The records =
================================

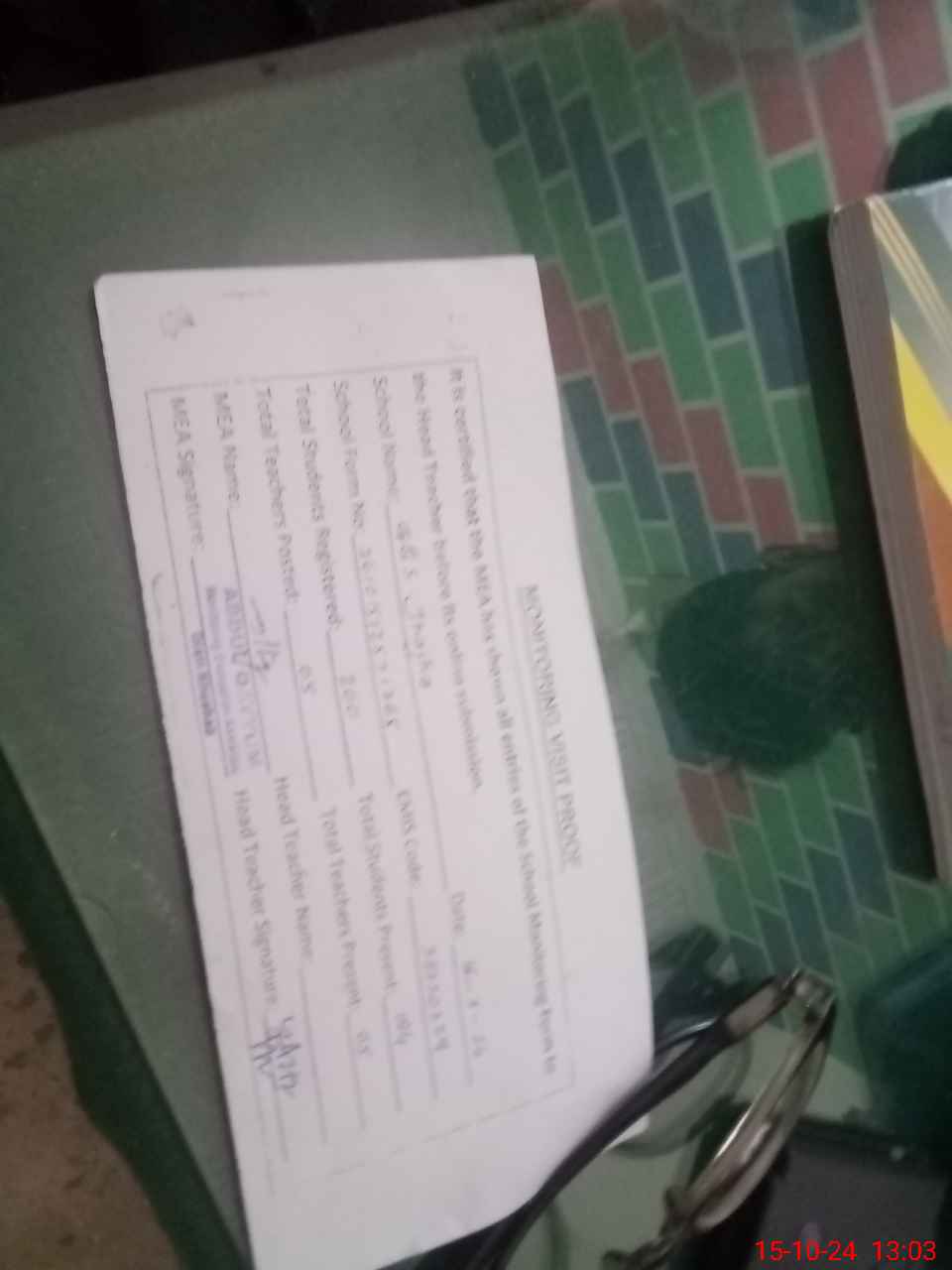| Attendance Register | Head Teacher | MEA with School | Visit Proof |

================================

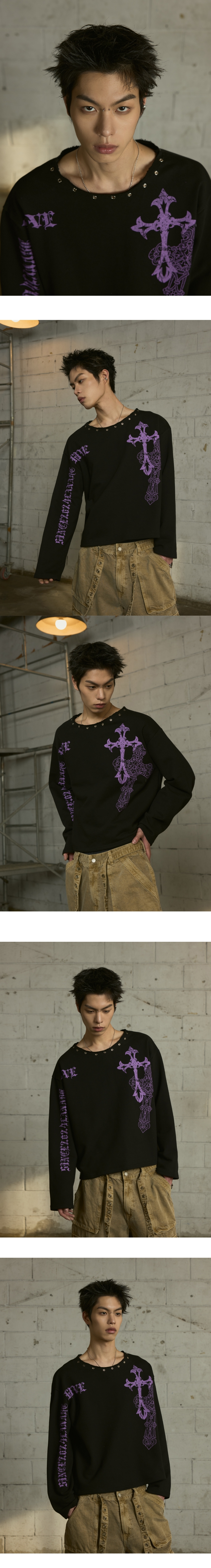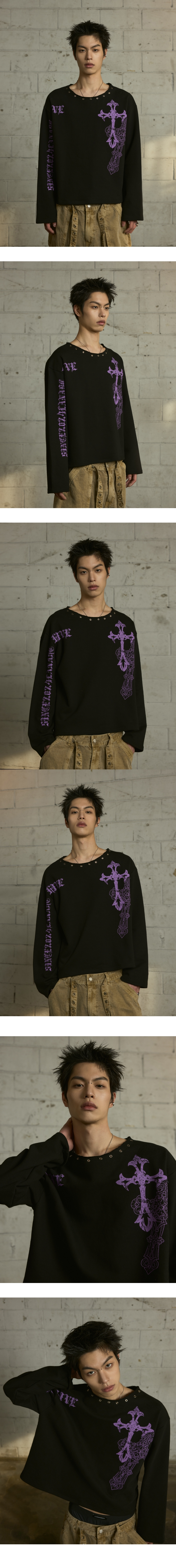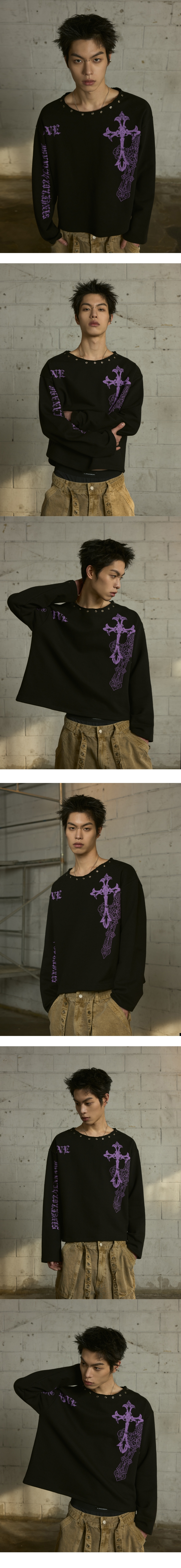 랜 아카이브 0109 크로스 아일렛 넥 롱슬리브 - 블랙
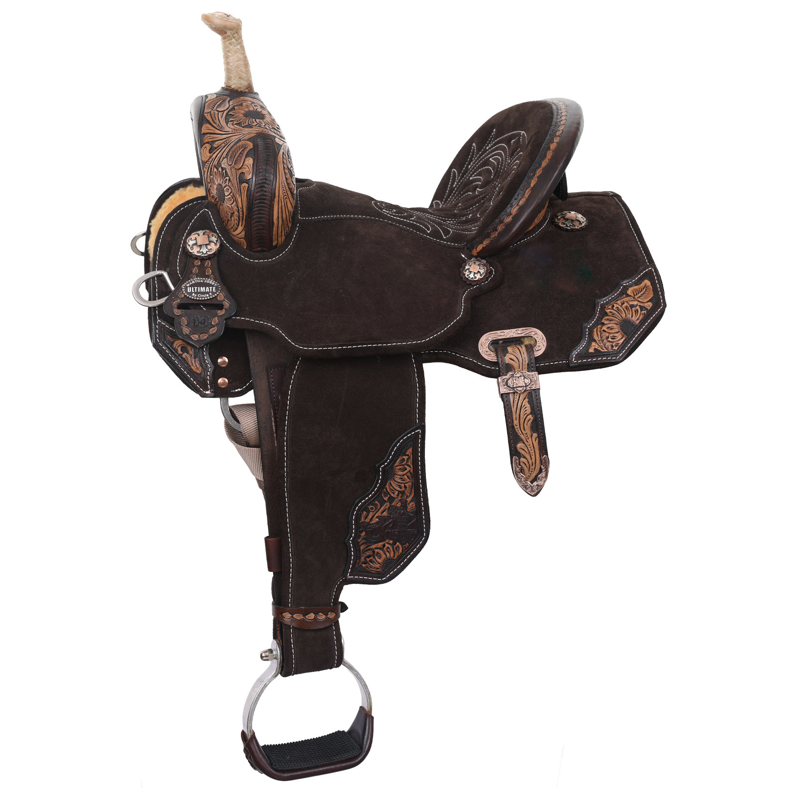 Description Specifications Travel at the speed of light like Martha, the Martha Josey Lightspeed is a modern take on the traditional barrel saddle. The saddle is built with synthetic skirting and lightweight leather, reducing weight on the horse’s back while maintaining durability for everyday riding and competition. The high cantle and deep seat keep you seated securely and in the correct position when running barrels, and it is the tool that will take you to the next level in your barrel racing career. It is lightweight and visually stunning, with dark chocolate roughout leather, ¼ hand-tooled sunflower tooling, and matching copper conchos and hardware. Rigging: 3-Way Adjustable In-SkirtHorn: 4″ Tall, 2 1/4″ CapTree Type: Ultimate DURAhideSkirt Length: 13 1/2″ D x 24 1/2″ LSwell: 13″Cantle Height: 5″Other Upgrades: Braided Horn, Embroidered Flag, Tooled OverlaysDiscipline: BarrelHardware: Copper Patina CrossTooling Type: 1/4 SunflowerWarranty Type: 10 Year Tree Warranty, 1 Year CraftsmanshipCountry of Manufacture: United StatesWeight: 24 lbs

================================

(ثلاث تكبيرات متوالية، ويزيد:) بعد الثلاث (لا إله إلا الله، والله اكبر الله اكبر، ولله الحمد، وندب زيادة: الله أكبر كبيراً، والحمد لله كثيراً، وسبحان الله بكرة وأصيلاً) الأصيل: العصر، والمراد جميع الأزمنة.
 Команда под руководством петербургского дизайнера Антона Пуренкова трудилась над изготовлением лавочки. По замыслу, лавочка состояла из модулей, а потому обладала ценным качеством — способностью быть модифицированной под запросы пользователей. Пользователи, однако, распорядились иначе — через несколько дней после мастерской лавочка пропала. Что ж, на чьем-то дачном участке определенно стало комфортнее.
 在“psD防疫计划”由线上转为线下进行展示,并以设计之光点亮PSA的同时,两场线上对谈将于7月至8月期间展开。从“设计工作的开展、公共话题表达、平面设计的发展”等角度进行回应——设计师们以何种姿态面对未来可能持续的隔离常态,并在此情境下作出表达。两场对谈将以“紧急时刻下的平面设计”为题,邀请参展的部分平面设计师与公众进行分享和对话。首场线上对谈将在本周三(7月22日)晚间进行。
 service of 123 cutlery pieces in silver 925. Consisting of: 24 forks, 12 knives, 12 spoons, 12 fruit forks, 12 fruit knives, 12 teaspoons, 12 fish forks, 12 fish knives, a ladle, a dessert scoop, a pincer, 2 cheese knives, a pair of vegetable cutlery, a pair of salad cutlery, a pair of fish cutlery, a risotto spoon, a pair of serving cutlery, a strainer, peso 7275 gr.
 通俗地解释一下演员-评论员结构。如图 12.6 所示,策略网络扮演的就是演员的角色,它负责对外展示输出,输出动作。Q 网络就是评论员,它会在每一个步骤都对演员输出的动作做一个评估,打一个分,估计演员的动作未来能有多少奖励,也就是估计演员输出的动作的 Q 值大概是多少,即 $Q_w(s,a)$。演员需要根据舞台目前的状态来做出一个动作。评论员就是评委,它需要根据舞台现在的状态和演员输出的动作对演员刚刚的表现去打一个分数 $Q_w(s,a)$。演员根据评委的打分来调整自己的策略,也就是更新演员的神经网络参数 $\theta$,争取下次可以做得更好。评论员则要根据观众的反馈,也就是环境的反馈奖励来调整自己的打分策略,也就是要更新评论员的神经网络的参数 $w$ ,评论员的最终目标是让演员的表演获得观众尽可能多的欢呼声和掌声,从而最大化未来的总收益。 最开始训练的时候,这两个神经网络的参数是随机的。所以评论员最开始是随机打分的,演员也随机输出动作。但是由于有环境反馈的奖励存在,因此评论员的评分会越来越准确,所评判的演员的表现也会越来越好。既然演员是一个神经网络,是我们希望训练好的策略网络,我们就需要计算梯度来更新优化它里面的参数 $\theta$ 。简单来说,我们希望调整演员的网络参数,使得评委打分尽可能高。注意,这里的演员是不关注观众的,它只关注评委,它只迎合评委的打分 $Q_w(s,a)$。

================================

Goal of the exercise =
Print exactly the lines above, between the one holding "Команда под руководством" and the one holding "通俗地解释一下演员-评论员结构。如图 12.6 所示,策略网络扮演的就是演员的角色,它负责对外展示输出,输出动作。Q", inclusive, and nothing besides.

Task response =
 Команда под руководством петербургского дизайнера Антона Пуренкова трудилась над изготовлением лавочки. По замыслу, лавочка состояла из модулей, а потому обладала ценным качеством — способностью быть модифицированной под запросы пользователей. Пользователи, однако, распорядились иначе — через несколько дней после мастерской лавочка пропала. Что ж, на чьем-то дачном участке определенно стало комфортнее.
 在“psD防疫计划”由线上转为线下进行展示,并以设计之光点亮PSA的同时,两场线上对谈将于7月至8月期间展开。从“设计工作的开展、公共话题表达、平面设计的发展”等角度进行回应——设计师们以何种姿态面对未来可能持续的隔离常态,并在此情境下作出表达。两场对谈将以“紧急时刻下的平面设计”为题,邀请参展的部分平面设计师与公众进行分享和对话。首场线上对谈将在本周三(7月22日)晚间进行。
 service of 123 cutlery pieces in silver 925. Consisting of: 24 forks, 12 knives, 12 spoons, 12 fruit forks, 12 fruit knives, 12 teaspoons, 12 fish forks, 12 fish knives, a ladle, a dessert scoop, a pincer, 2 cheese knives, a pair of vegetable cutlery, a pair of salad cutlery, a pair of fish cutlery, a risotto spoon, a pair of serving cutlery, a strainer, peso 7275 gr.
 通俗地解释一下演员-评论员结构。如图 12.6 所示,策略网络扮演的就是演员的角色,它负责对外展示输出,输出动作。Q 网络就是评论员,它会在每一个步骤都对演员输出的动作做一个评估,打一个分,估计演员的动作未来能有多少奖励,也就是估计演员输出的动作的 Q 值大概是多少,即 $Q_w(s,a)$。演员需要根据舞台目前的状态来做出一个动作。评论员就是评委,它需要根据舞台现在的状态和演员输出的动作对演员刚刚的表现去打一个分数 $Q_w(s,a)$。演员根据评委的打分来调整自己的策略,也就是更新演员的神经网络参数 $\theta$,争取下次可以做得更好。评论员则要根据观众的反馈,也就是环境的反馈奖励来调整自己的打分策略,也就是要更新评论员的神经网络的参数 $w$ ,评论员的最终目标是让演员的表演获得观众尽可能多的欢呼声和掌声,从而最大化未来的总收益。 最开始训练的时候,这两个神经网络的参数是随机的。所以评论员最开始是随机打分的,演员也随机输出动作。但是由于有环境反馈的奖励存在,因此评论员的评分会越来越准确,所评判的演员的表现也会越来越好。既然演员是一个神经网络,是我们希望训练好的策略网络,我们就需要计算梯度来更新优化它里面的参数 $\theta$ 。简单来说,我们希望调整演员的网络参数,使得评委打分尽可能高。注意,这里的演员是不关注观众的,它只关注评委,它只迎合评委的打分 $Q_w(s,a)$。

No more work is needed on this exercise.